Господи! Если сейчас на трамвай, на восьмерку — через двадцать минут будешь дома — с мамой, с ребятами. Несколько улиц отделяет их от меня. Это же чудовищно, это же противоестественно! Как смеют меня силой удерживать здесь! Запереть на замок, как животное, как собаку! Как они смеют, за что? Что я им сделала?

И снова идут дни за днями, и снова я пишу страстные послания — кому их передают?..

«Это чудовищно, — пишу я. — Вы еще не знаете, виновна ли я, а уже наказываете так, как наказывают убийц или Бог знает каких преступников. Я сижу в одиночном заключении, одна, без книг. Каждый день, как год. Я с ума схожу, а ведь я не совершала никаких преступлений! Моя мать тоже сходит с ума от беспокойства — это же бесчеловечно!»

Нет, мои заявления все-таки куда-то передаются.

Однажды открывается дверь и мне дают чистый лист бумаги, ручку и чернила:

— Выпишите книги.

Книги! Боже мой, какое счастье! Я спасена, я не сойду с ума!

— Сколько?

— Тсс-с-с-сс!

Ну ладно, выпишу побольше, кто знает, что у них там есть! И я начинаю писать помельче, чтобы поместилось побольше. Пишу все, что приходит на память, начиная от «Войны и мира» и «Саги о Форсайтах» до Есенина и Блока. Тороплюсь, (как бы не отобрали бумагу!). Ромен Ролан, Сервантес, Золя, Флобер, Вальтер Скотт, Марк Твен, Джек Лондон. И еще, и еще, скорей, пока лист не записан кругом. Уж что-нибудь из этого, наверное, найдется!

Проходит день, два, а книг все нет. И я опять прихожу в отчаяние, опять ни о чем не могу думать, только жду и жду — когда же?! Выкуриваю, теперь уже с наслаждением, все свои одиннадцать папирос до обеда, хотя каждый день даю себе слово растянуть до вечера. Я чувствую, что больше не могу, просто не могу. Остается лечь и умереть.

Но вот, в один прекрасный день скрежещет мой проклятый замок, дверь открывается и входит человек, нагруженный книгами. Он несет их осторожно, на вытянутых руках, придерживая стопку подбородком. Нет, не стопку — целую башню книг!

Первый раз за все время я заревела. Заплакала от счастья. Я готова была перецеловать каждый корешок, каждую страницу!

Дрожащими руками я перебирала их, узнавала, как старых, добрых, испытанных друзей. Я буду читать, перечитывать свое любимое, и остановившееся время, и звенящая тишина — все уйдет. А в следующий раз я попробую выписать еще и журналы — «Новый мир», «Иностранную литературу».

Кстати, интересно, когда будет этот «следующий раз»? И будет ли вообще?

При том неограниченном времени, которое у меня имелось для чтения — даже такая стопа книг не была слишком велика.

Как оказалось, книги меняли, приблизительно каждые дней десять. Их забирали, и следующие приносили через два дня. И это были тяжелые, несчастные два дня. Тянулись они просто бесконечно!

Какая прекрасная была у них библиотека!

Теперь, когда я знаю, что творилось на Лубянке в 37-м, когда людям было вовсе не до каких книг, когда они могли молить лишь об одном — чтобы их оставили в покое, когда с ужасом ждали момента, когда их вызовут на допрос — теперь мне детски-наивными, пустыми кажутся мои страхи, мое неистовое нетерпение. Но тогда все испытываемое мной казалось едва возможным пределом страданий.

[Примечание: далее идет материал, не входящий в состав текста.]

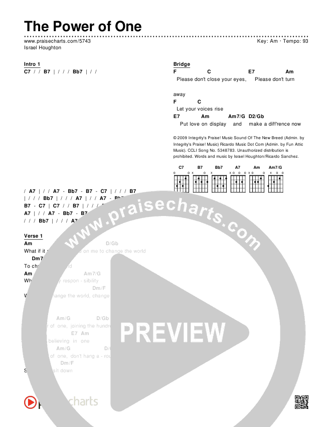 Download the PDF Chord Charts for The Power of One by Israel Houghton, from the album The Power of One. This song was arranged by Joel Mott in the key of Am, Gm.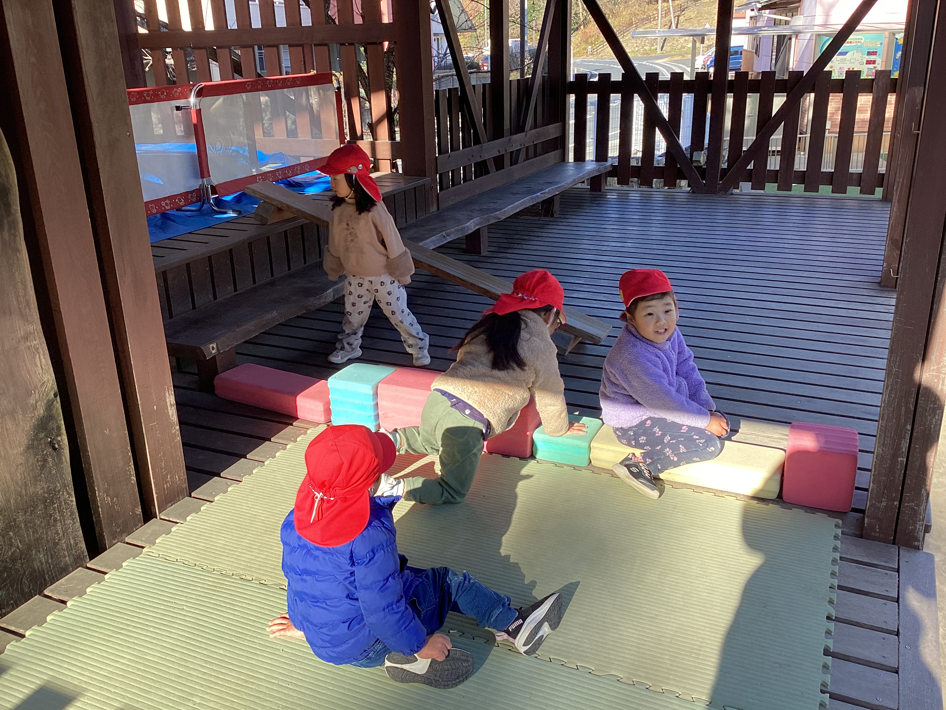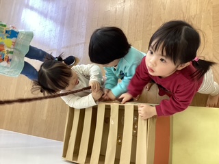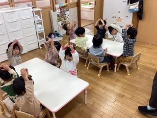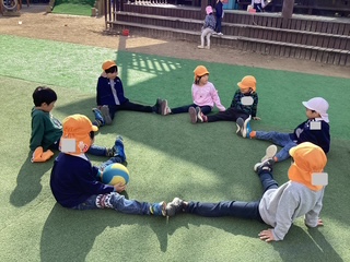 遊戯室で遊んでいると、「あしををのばして〜」と子どもたちだけの体操教室が始まりました♪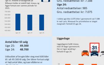 Alle nøgletal indikerer en solid omsætning på brugtbilmarkedet i uge 25. Der er fortsat massiv interesse og søgning på elbilerne. Og så er udbuddet af brugte Tesla 3 s teget med 30%!

Правда, долго пользоваться Лубянской библиотекой мне не пришлось — вскоре после начала допросов в моем деле произошел совершенно неожиданный и окончательно фантастический поворот, после чего следствие мое пошло быстрым и бодрым темпом и окончилось меньше чем через два месяца...

Ночью открылась дверь, и меня спросили, кто здесь на «ф»?

— Инициалы?

— Фёдорова Евгения Николаевна.

— Собирайтесь на допрос!

Наконец-то! Сердце шарахается о ребра. Я спешу одеться, мои лыжные штаны сползают — из них выдернули резинку еще когда меня обыскивали «до нитки» перед тем, как отвести в камеру. Когда я спросила обыскивавшую меня женщину: — Как же я буду без резинки? — Она ответила односложно: — «Не положено».

Мы идем по бесконечному пустому коридору. Мой страж позади, я — впереди, руки назад. Заворачиваем, и снова бесконечный коридор. Все двери закрыты, везде тишина и безмолвие.

Но вот конвоир говорит негромко: «Приставить ногу». Я останавливаюсь у двери, он стучит.

— Войдите!

Он пропускает меня вперед. Кивком головы следователь отпускает конвоира. Впрочем, это не следователь, а следовательница.

Женщина примерно моих лет, может быть даже немного моложе. Очень хорошенькая. Короткие волосы уложены в изящную прическу. Правильные черты лица. Нежная ухоженная кожа. Выразительные темные глаза. Губы ярко накрашены, но это ей идет.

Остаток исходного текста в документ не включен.